-- WHAT YOU SHOULD DO --
What is wanted is every line below from the one with "产品属性 品名:新中式两用屏风发光茶盘 款式:马到成功、竹报平安" up to and including the one with "1. Inspect the", retyped exactly, pictures excluded, nothing else.

-- TASK DATA --
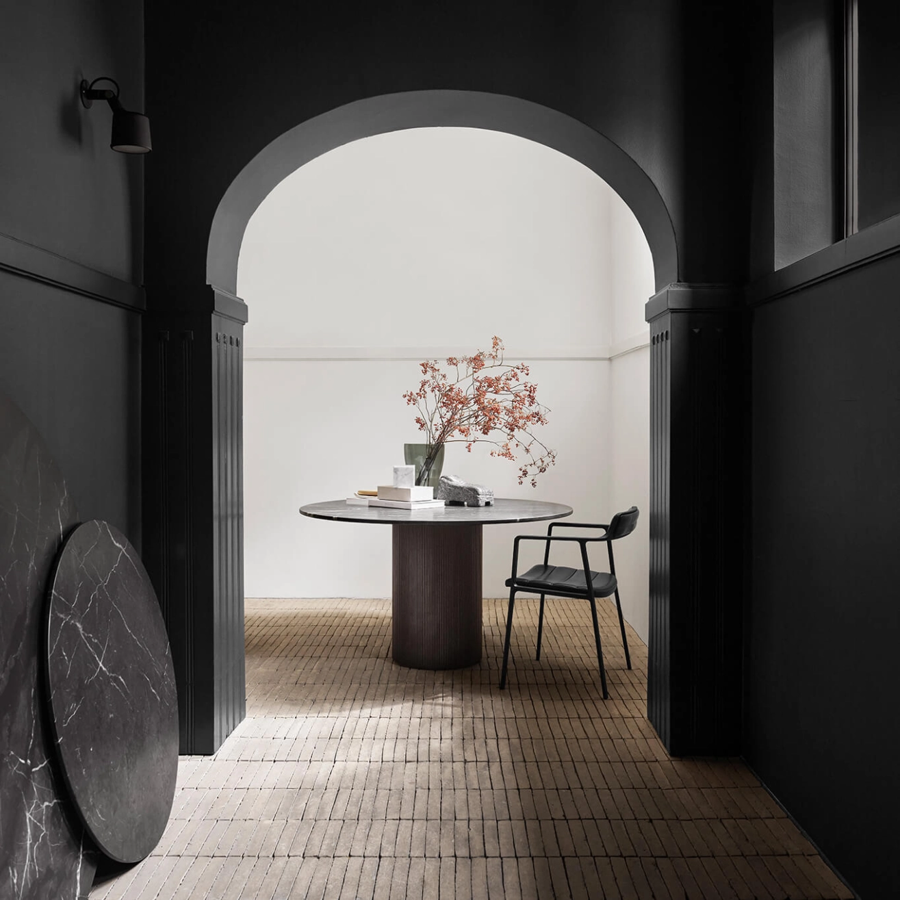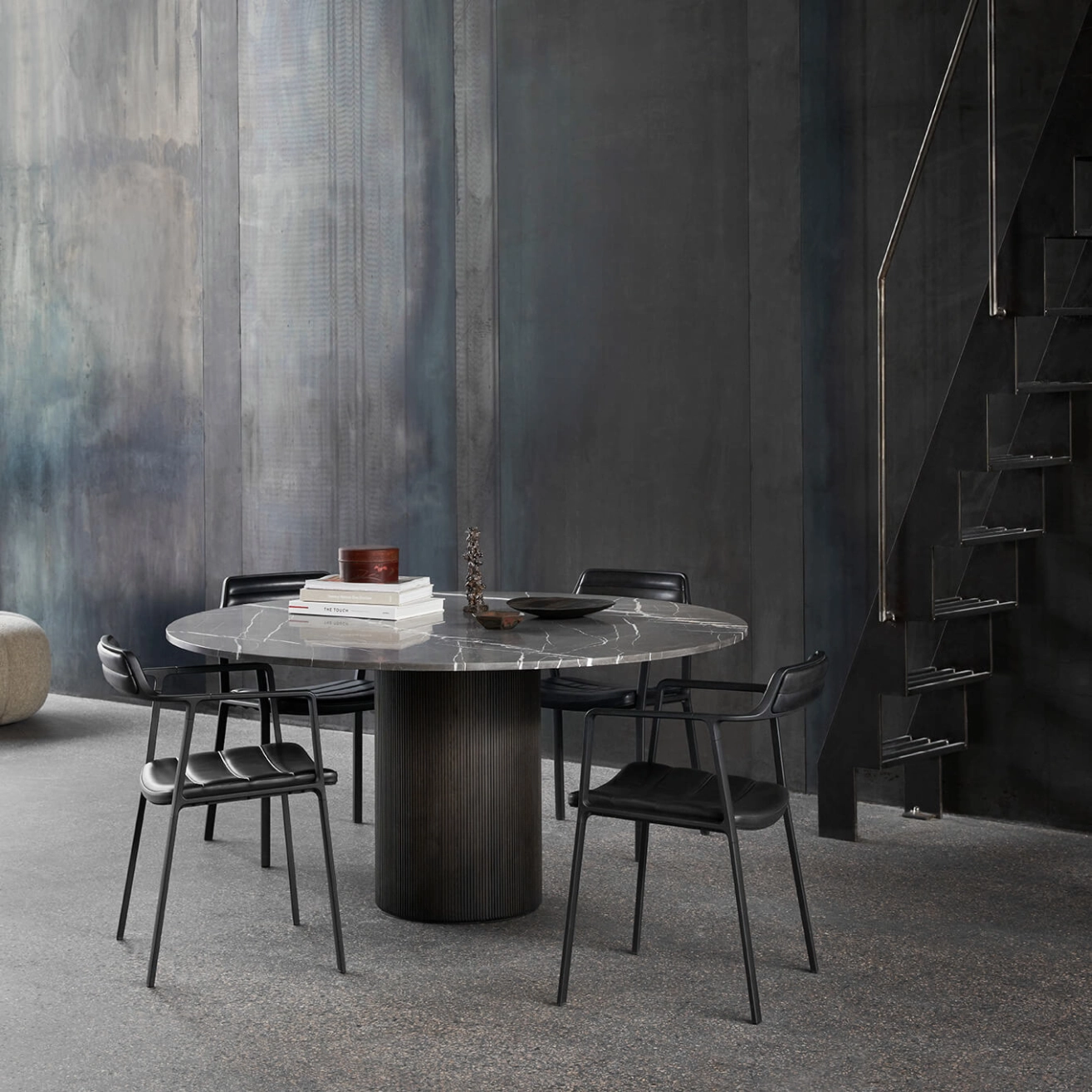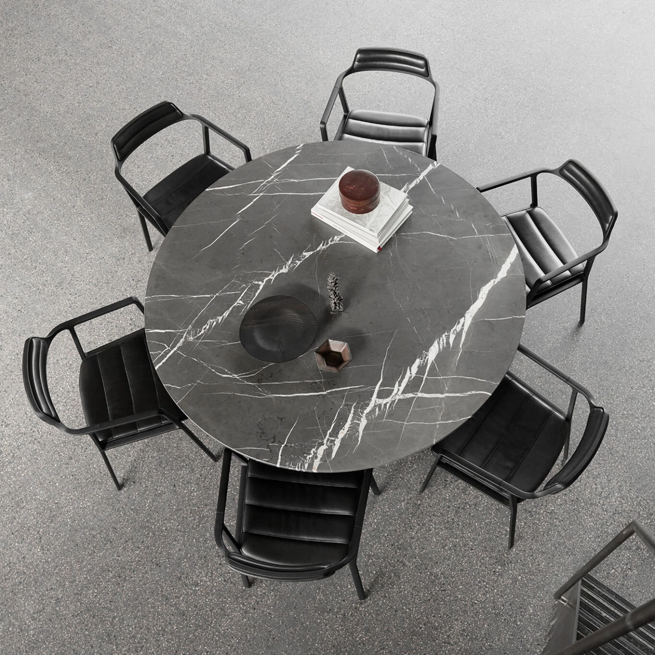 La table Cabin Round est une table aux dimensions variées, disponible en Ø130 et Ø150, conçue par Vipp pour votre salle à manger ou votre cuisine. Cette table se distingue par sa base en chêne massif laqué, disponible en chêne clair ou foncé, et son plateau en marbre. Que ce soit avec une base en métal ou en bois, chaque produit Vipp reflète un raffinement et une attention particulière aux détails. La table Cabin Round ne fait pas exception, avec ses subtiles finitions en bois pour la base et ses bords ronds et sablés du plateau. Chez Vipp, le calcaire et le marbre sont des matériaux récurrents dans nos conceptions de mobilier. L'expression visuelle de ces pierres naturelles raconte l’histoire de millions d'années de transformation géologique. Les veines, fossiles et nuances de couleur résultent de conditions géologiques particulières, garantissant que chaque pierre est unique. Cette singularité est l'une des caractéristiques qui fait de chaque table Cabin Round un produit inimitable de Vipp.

==

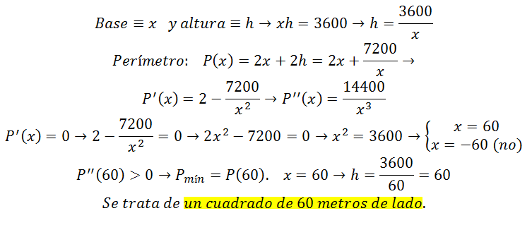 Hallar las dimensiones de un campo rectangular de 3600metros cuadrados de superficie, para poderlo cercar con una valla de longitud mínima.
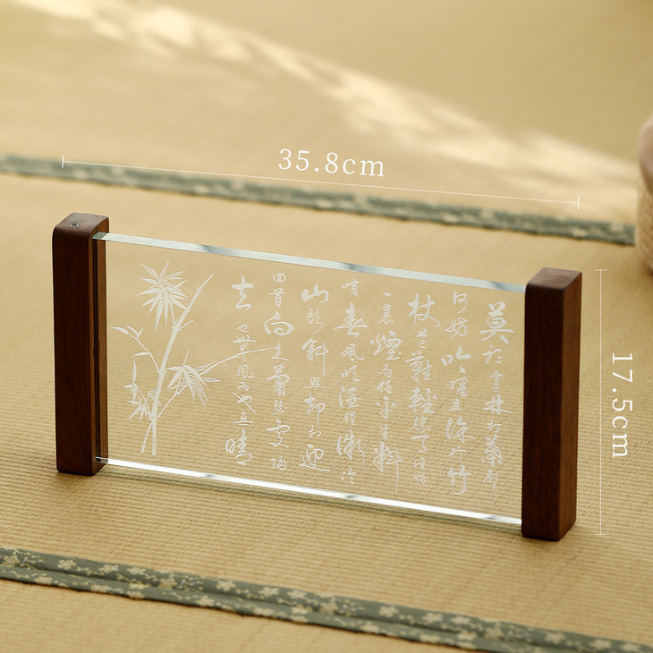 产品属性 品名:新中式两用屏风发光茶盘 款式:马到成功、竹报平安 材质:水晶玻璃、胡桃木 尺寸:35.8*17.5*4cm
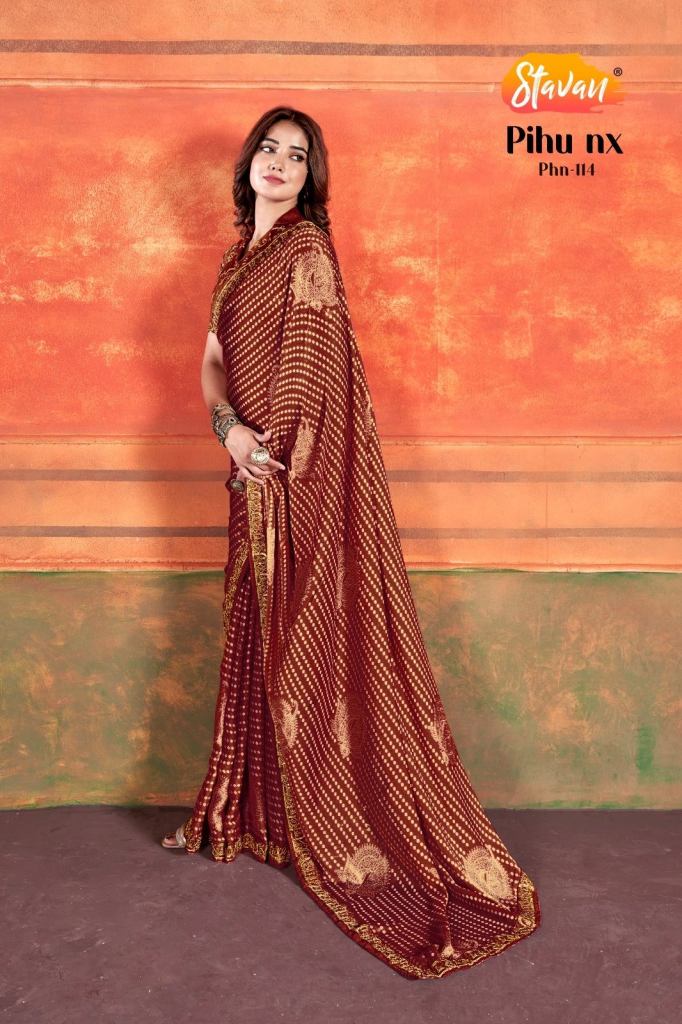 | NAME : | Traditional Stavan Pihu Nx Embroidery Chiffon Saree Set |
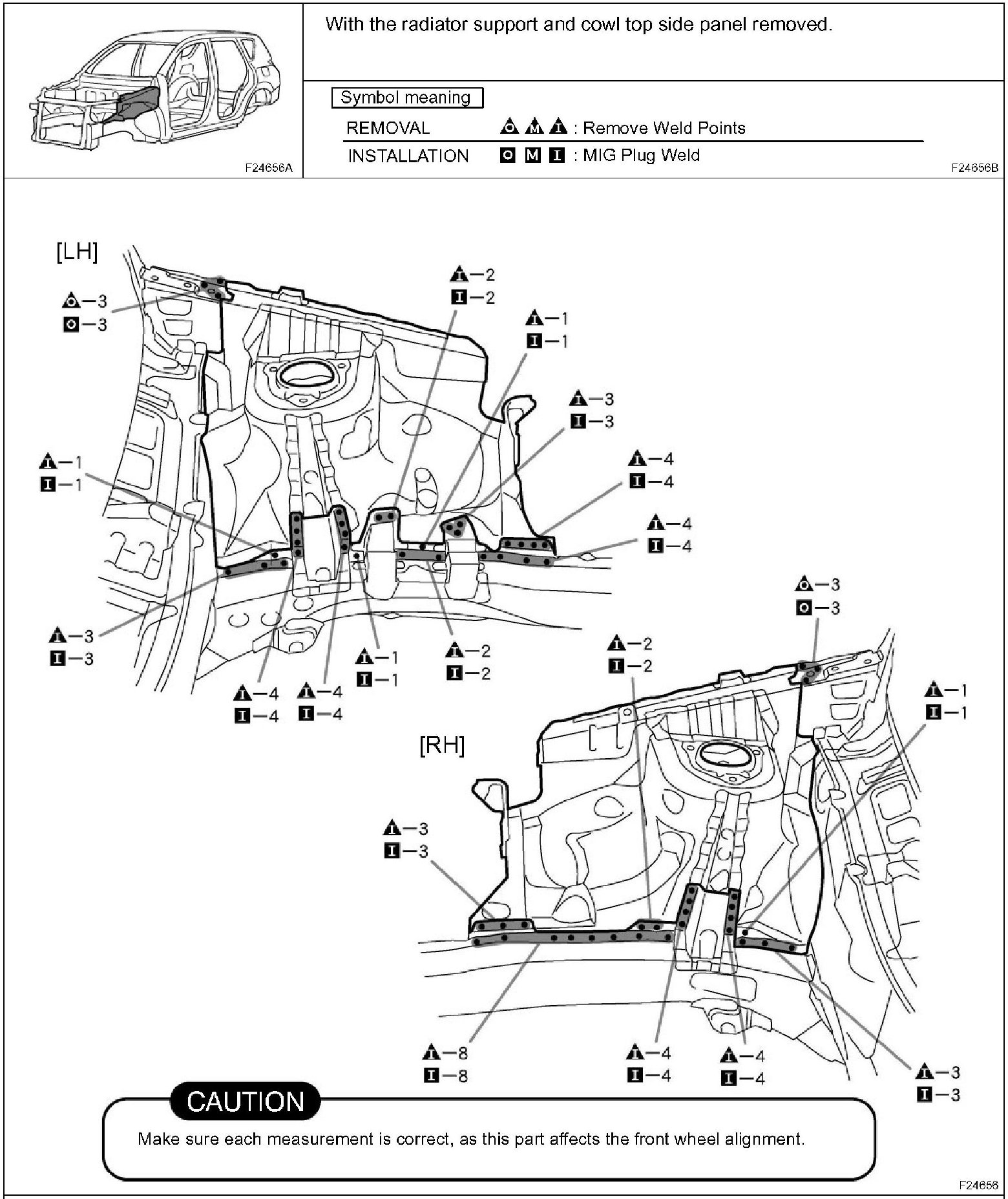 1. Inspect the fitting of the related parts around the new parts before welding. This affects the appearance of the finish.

--

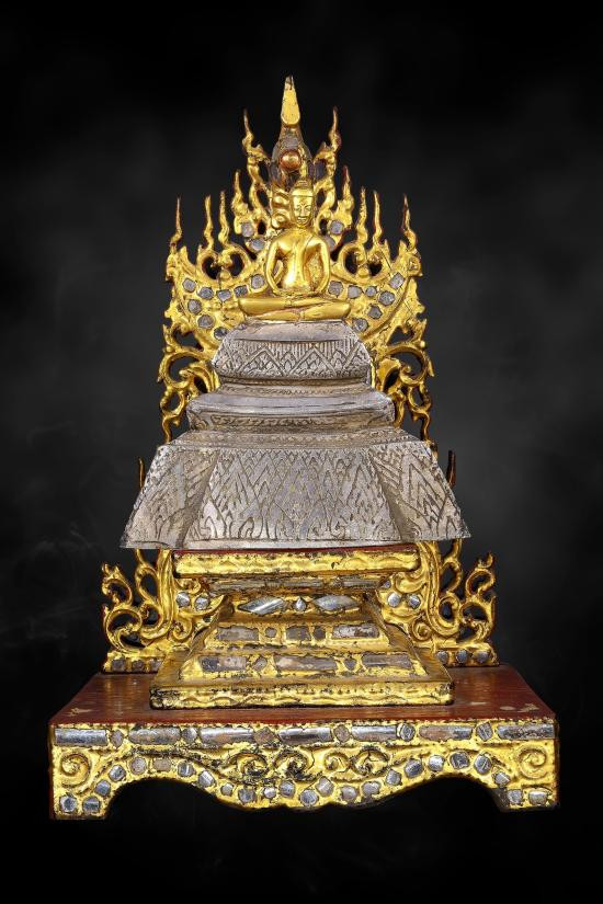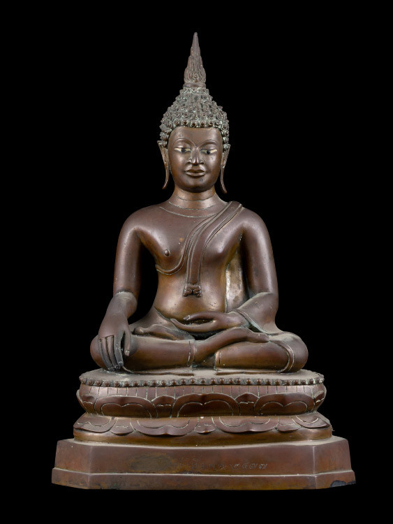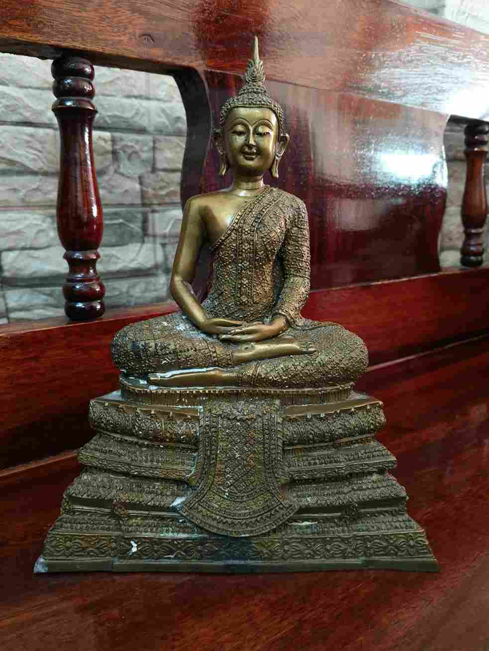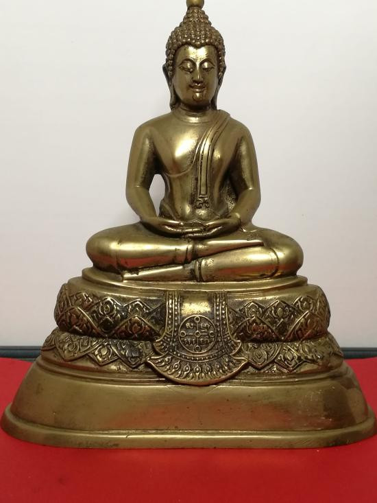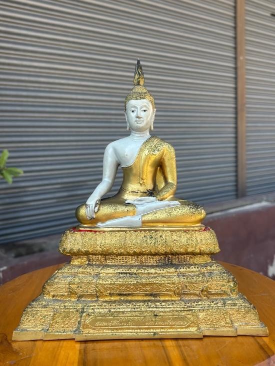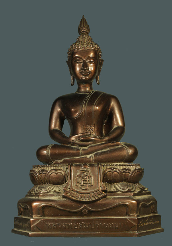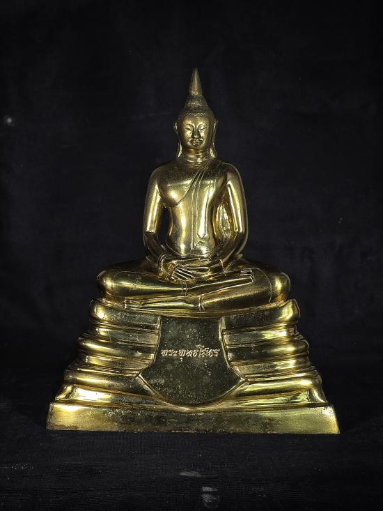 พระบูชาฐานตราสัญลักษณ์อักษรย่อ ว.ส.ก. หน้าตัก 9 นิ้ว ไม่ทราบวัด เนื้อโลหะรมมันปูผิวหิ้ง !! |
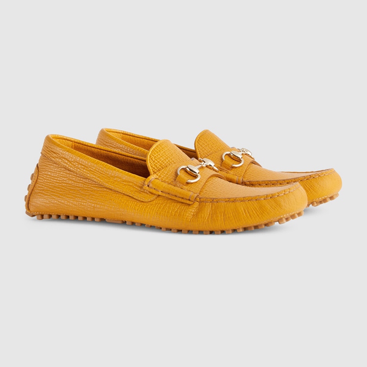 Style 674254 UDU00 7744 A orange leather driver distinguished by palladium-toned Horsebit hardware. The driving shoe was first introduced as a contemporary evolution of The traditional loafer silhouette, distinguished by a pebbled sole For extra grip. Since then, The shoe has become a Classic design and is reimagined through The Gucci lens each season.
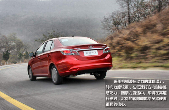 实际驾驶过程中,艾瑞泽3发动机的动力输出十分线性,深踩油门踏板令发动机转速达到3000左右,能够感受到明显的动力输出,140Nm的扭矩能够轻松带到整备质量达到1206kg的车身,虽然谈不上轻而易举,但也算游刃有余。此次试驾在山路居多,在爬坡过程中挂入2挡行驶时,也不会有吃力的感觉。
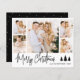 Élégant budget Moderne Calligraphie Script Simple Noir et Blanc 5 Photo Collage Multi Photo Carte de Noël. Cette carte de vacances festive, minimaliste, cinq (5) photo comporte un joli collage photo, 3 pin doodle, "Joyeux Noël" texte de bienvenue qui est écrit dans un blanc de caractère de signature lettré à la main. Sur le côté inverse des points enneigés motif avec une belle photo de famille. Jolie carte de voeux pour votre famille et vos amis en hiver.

-- TASK SOLUTION --
 产品属性 品名:新中式两用屏风发光茶盘 款式:马到成功、竹报平安 材质:水晶玻璃、胡桃木 尺寸:35.8*17.5*4cm
 | NAME : | Traditional Stavan Pihu Nx Embroidery Chiffon Saree Set |
 1. Inspect the fitting of the related parts around the new parts before welding. This affects the appearance of the finish.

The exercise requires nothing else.